**Description of the task**
Transcribe the entries below exactly; leave every image out.

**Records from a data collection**
#####
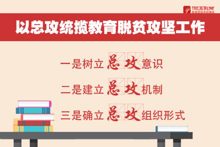 三是确立总攻组织形式。要把机关和直属单位的力量凝聚起来,把直属高校的力量展示出来,把全教育战线的力量发挥出来,把社会力量动员起来,分割包围、协同作战、聚而歼之地打好教育脱贫攻坚总攻战。
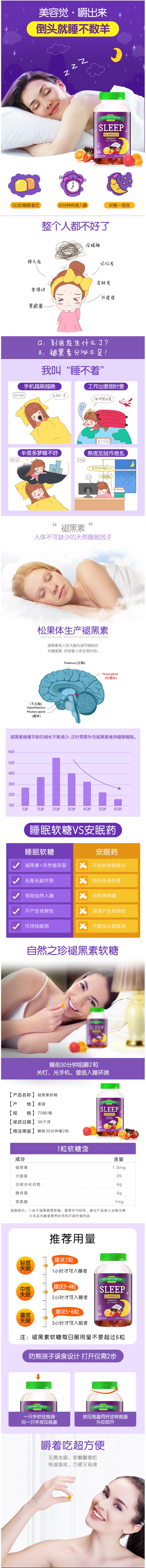 每粒软糖含褪黑素 1.5mg、卡路里 20、碳水化合物 4g、糖含量 4g、茶氨酸 1mg。无毒无副作用,不产生依赖性,Q弹软糖,酸甜好口感,产品已通过美国UL认证,安全可靠。
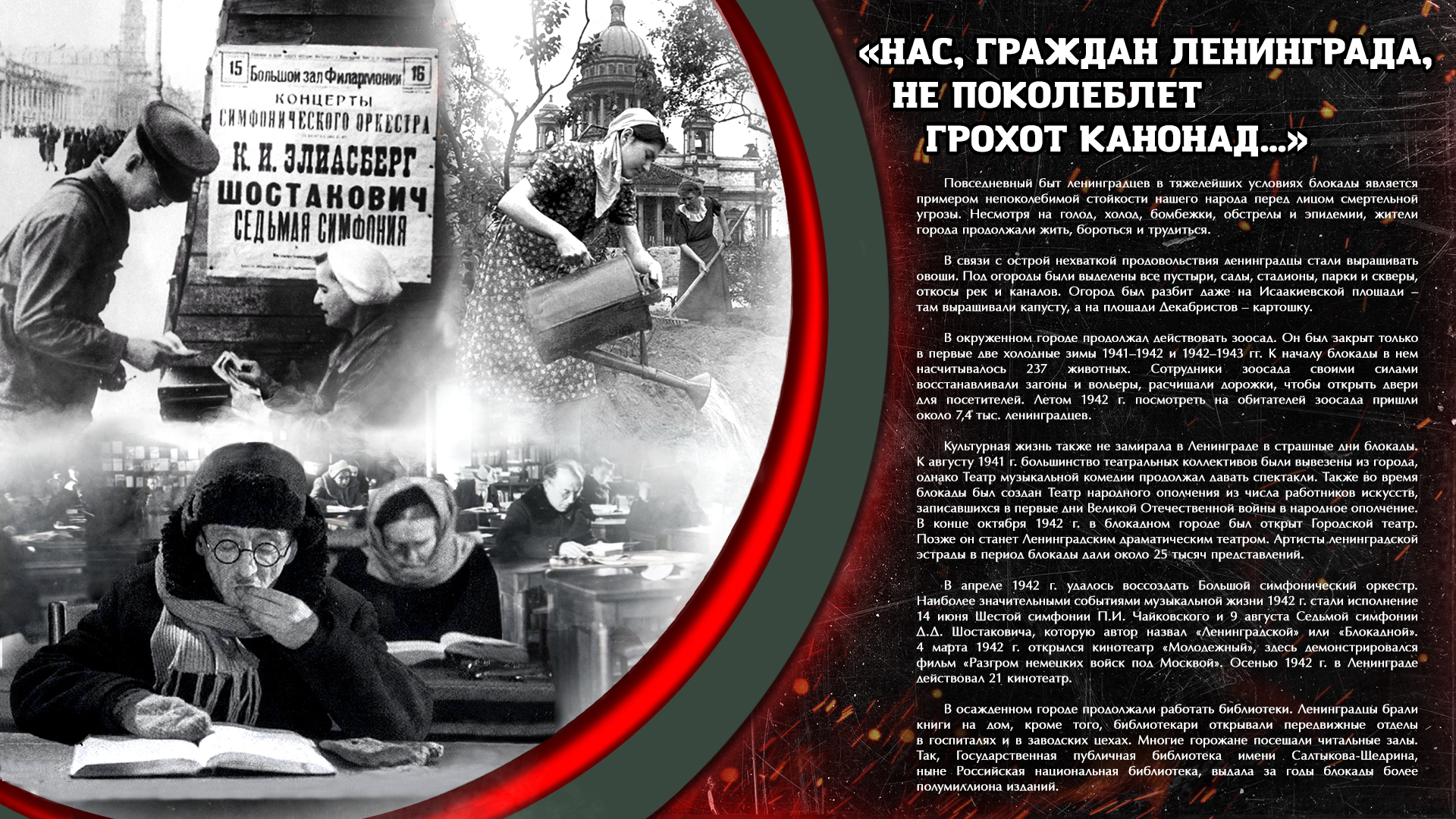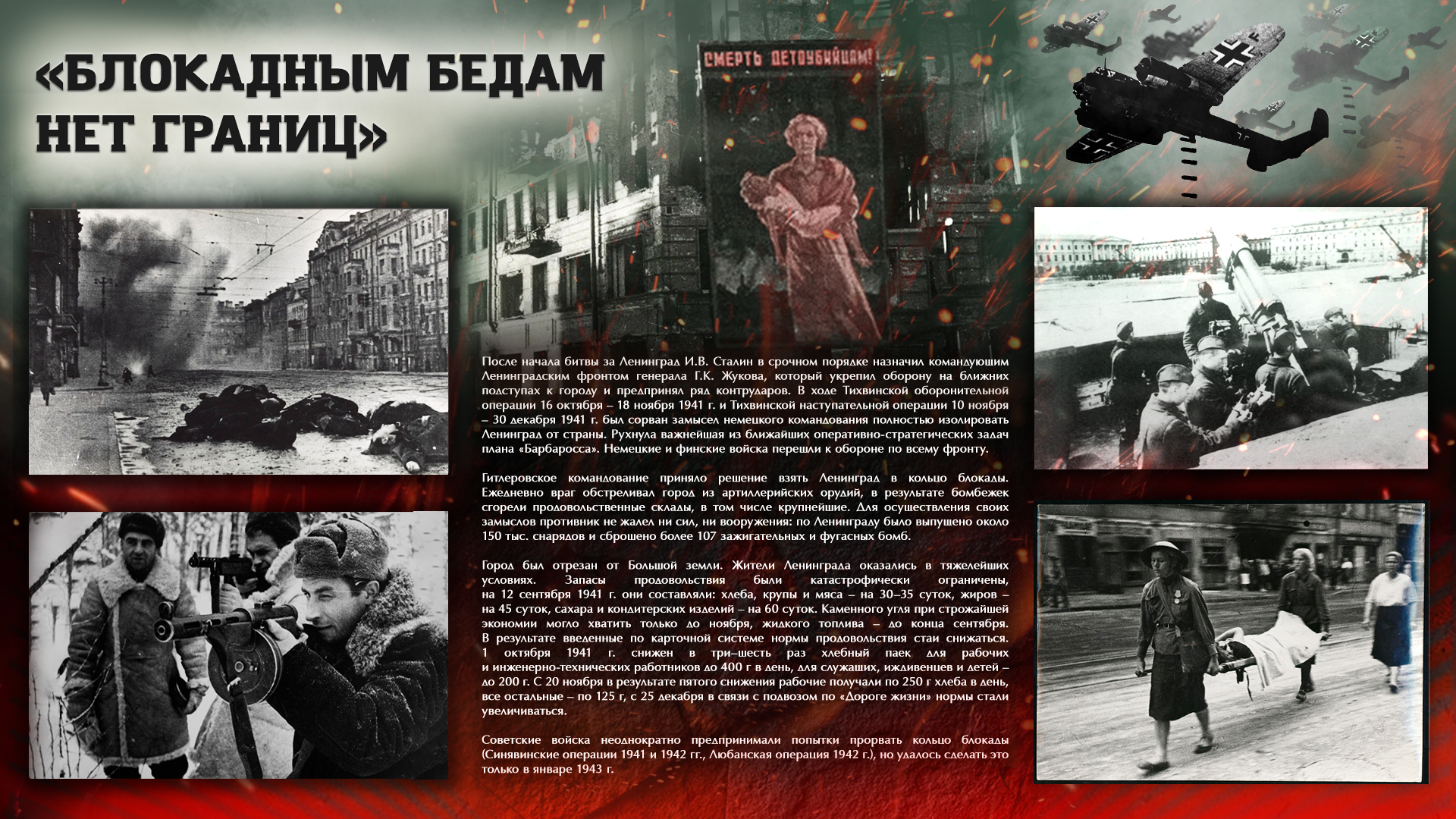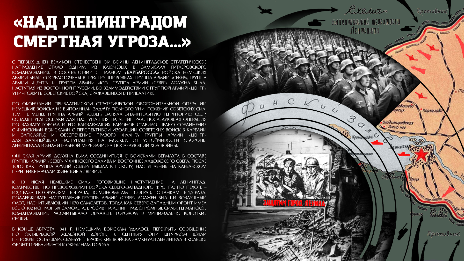 Битва за Ленинград была самой продолжительной в истории Второй мировой войны, а его блокада не имеет аналогов в мировой военной истории. Город находился в осаде на протяжении 872 дней с 8 сентября 1941 г. по 27 января 1944 г. За этот период от голода, холода, бомбежек и артобстрелов погибли более 1 млн человек.
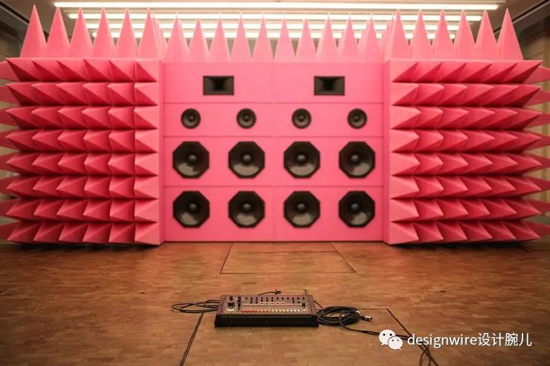 12 英寸 Voices 的新声音装置是他于2019年9月在法国巴黎拉斐特“MANIFESTO(宣言)”的群展中展示的大型作品。巨大的粉色音箱,上面包裹着尖头形状的隔音泡沫板,Virgil还在空间中现场表演展示。
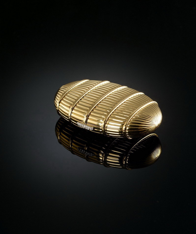 ??? 失竊展品——金嵌鉆石化妝盒。 作者:法勞內(nèi)。材質(zhì):金,白金,藍(lán)寶石(內(nèi)含金粉隔)。尺寸:9.72*6.23*2.8cm。時(shí)代:1970-1980年
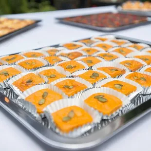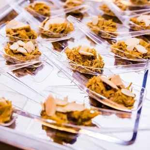 I recently had a cocktail party at home with some friends. A friend of mine told me about the two French sisters (les Cook'ettes) so I decided to try them. I has really been a great choice in many terms: efficiency, kindness, professionalism, variety of appetizers (some are gluten free, vegetarian or can be on request), size of the bits or healthy organic food. We've tried (Hors d'oeuvres) the Gougères (light and delicious), the spiced carrot flans (cumin), the Savory mini-cakes (crusty from the inside and soft inside (goat cheese), Thaï Squash soup (cold and very aromatic), the lentil salad plus different skewers (my favorites are the shrimp ones and quinoa & spinach bites). On the sweet side we tried the chocolate fondants, the financiers, the Mouhalabiehs (stunning mix of orange blossom with honey and pistachios): a no fault. Just perfect.
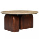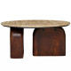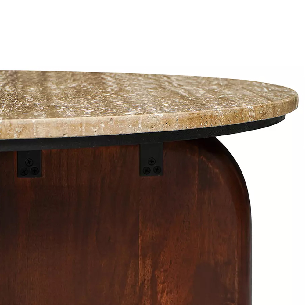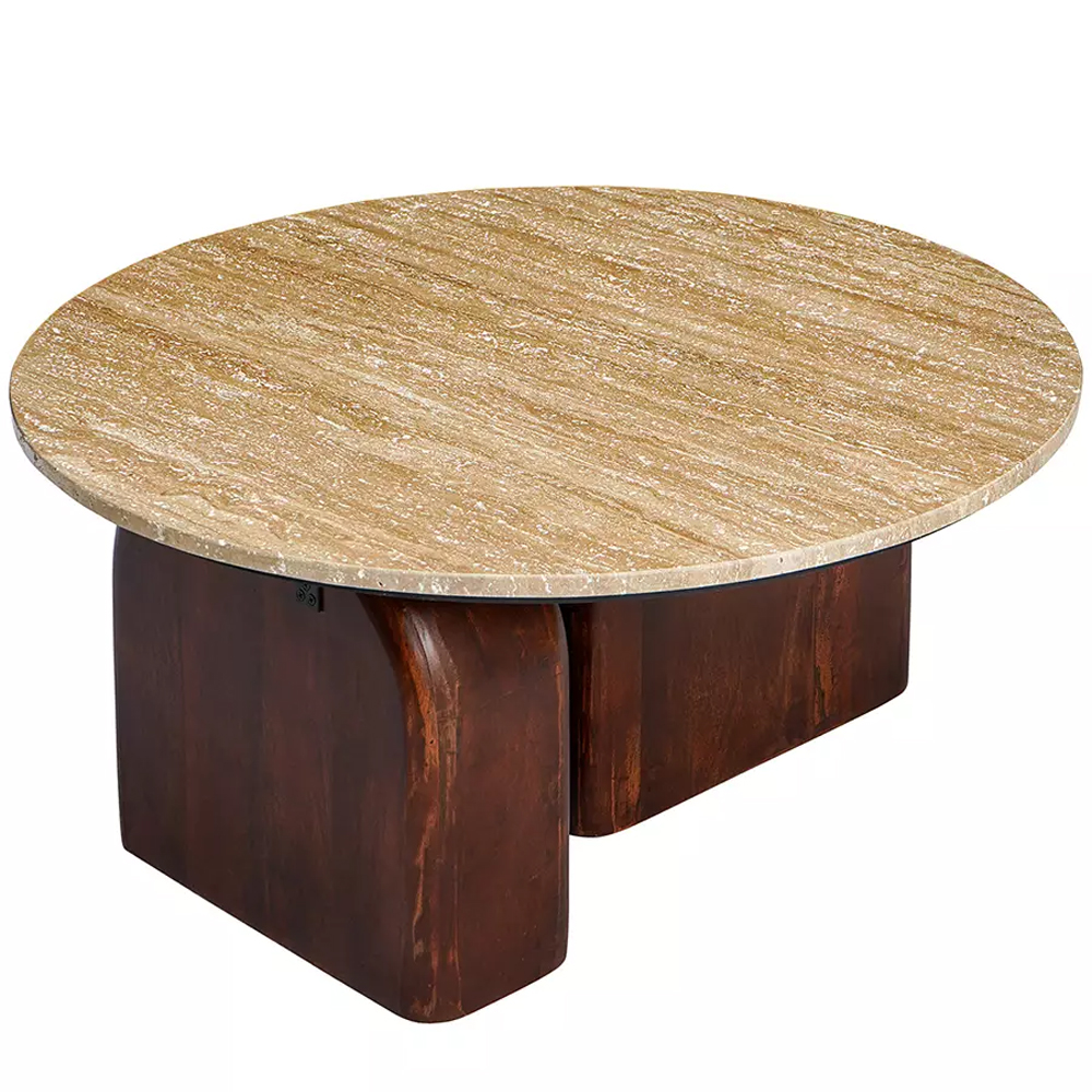 Кофейный столик с круглой столешницей на 2-х массивных деревянных ножках Tandem Travertine and Wood
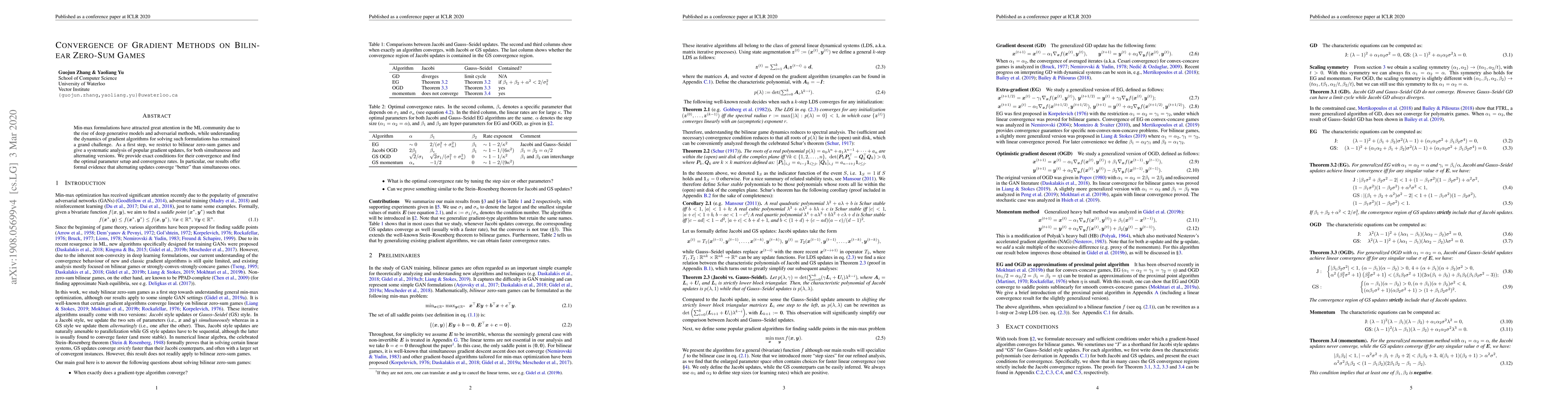 This paper systematically analyzes the convergence of gradient methods for solving bilinear zero-sum games, providing exact conditions for convergence and optimal parameter setups. It finds that alternating gradient updates converge more efficiently than simultaneous updates.
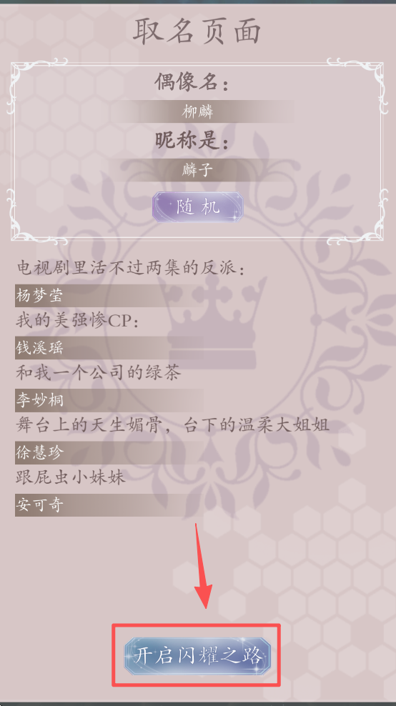 1、输入偶像名和昵称,点击“随机”按钮或直接点击“开启闪耀之路”进入下一步。
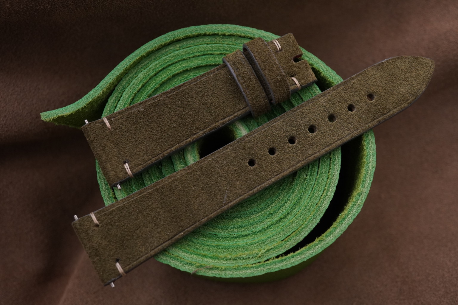 Olive Green Suede Calf Leather Watch Strap for Cartier Tank Solo, Tank Must , Tank Louis.
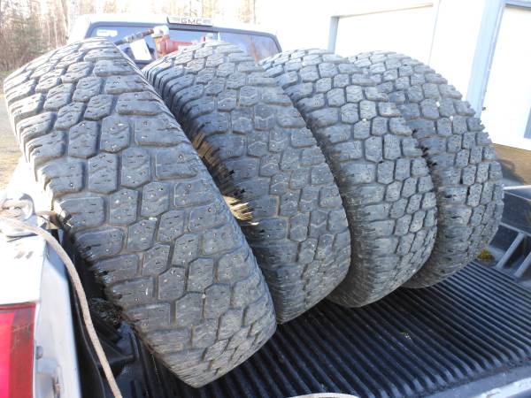I have four studded snow tires that I used on my plow truck for three seasons. Bought anew set for $960.00, but only want $150.00for these used tires. Pick up near Big Lake Napa store. Cash only
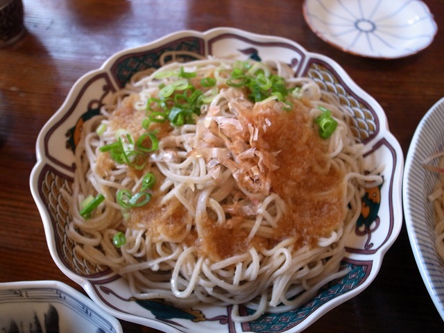 出てきた煮物をみて、ハッとしました。最近こんなに丁寧に素材別に煮物を作ってないなぁと。。。食べてみても出汁の味で素材の味を引き出していて、とてもおいしい。 本当に、こういったものをゆっくり味わって食べることが身体にもいいのでしょうね。トマトの寒天ゼリーもちょっと硬めで、昔懐かしいゼリーの味がしました。出し巻き卵も熱々でふわふわ!みょうがと揚げナスの入った野川蕎麦はつゆにつけて食べます。おろし蕎麦はすでに味が付いていてそのままいただけます。お蕎麦の量もたっぷり目でボリュームまんてん。
#####
**Answer to the exercise**
 三是确立总攻组织形式。要把机关和直属单位的力量凝聚起来,把直属高校的力量展示出来,把全教育战线的力量发挥出来,把社会力量动员起来,分割包围、协同作战、聚而歼之地打好教育脱贫攻坚总攻战。
 每粒软糖含褪黑素 1.5mg、卡路里 20、碳水化合物 4g、糖含量 4g、茶氨酸 1mg。无毒无副作用,不产生依赖性,Q弹软糖,酸甜好口感,产品已通过美国UL认证,安全可靠。
 Битва за Ленинград была самой продолжительной в истории Второй мировой войны, а его блокада не имеет аналогов в мировой военной истории. Город находился в осаде на протяжении 872 дней с 8 сентября 1941 г. по 27 января 1944 г. За этот период от голода, холода, бомбежек и артобстрелов погибли более 1 млн человек.
 12 英寸 Voices 的新声音装置是他于2019年9月在法国巴黎拉斐特“MANIFESTO(宣言)”的群展中展示的大型作品。巨大的粉色音箱,上面包裹着尖头形状的隔音泡沫板,Virgil还在空间中现场表演展示。
 ??? 失竊展品——金嵌鉆石化妝盒。 作者:法勞內(nèi)。材質(zhì):金,白金,藍(lán)寶石(內(nèi)含金粉隔)。尺寸:9.72*6.23*2.8cm。時(shí)代:1970-1980年
 I recently had a cocktail party at home with some friends. A friend of mine told me about the two French sisters (les Cook'ettes) so I decided to try them. I has really been a great choice in many terms: efficiency, kindness, professionalism, variety of appetizers (some are gluten free, vegetarian or can be on request), size of the bits or healthy organic food. We've tried (Hors d'oeuvres) the Gougères (light and delicious), the spiced carrot flans (cumin), the Savory mini-cakes (crusty from the inside and soft inside (goat cheese), Thaï Squash soup (cold and very aromatic), the lentil salad plus different skewers (my favorites are the shrimp ones and quinoa & spinach bites). On the sweet side we tried the chocolate fondants, the financiers, the Mouhalabiehs (stunning mix of orange blossom with honey and pistachios): a no fault. Just perfect.
 Кофейный столик с круглой столешницей на 2-х массивных деревянных ножках Tandem Travertine and Wood
 This paper systematically analyzes the convergence of gradient methods for solving bilinear zero-sum games, providing exact conditions for convergence and optimal parameter setups. It finds that alternating gradient updates converge more efficiently than simultaneous updates.
 1、输入偶像名和昵称,点击“随机”按钮或直接点击“开启闪耀之路”进入下一步。
 Olive Green Suede Calf Leather Watch Strap for Cartier Tank Solo, Tank Must , Tank Louis.
I have four studded snow tires that I used on my plow truck for three seasons. Bought anew set for $960.00, but only want $150.00for these used tires. Pick up near Big Lake Napa store. Cash only
 出てきた煮物をみて、ハッとしました。最近こんなに丁寧に素材別に煮物を作ってないなぁと。。。食べてみても出汁の味で素材の味を引き出していて、とてもおいしい。 本当に、こういったものをゆっくり味わって食べることが身体にもいいのでしょうね。トマトの寒天ゼリーもちょっと硬めで、昔懐かしいゼリーの味がしました。出し巻き卵も熱々でふわふわ!みょうがと揚げナスの入った野川蕎麦はつゆにつけて食べます。おろし蕎麦はすでに味が付いていてそのままいただけます。お蕎麦の量もたっぷり目でボリュームまんてん。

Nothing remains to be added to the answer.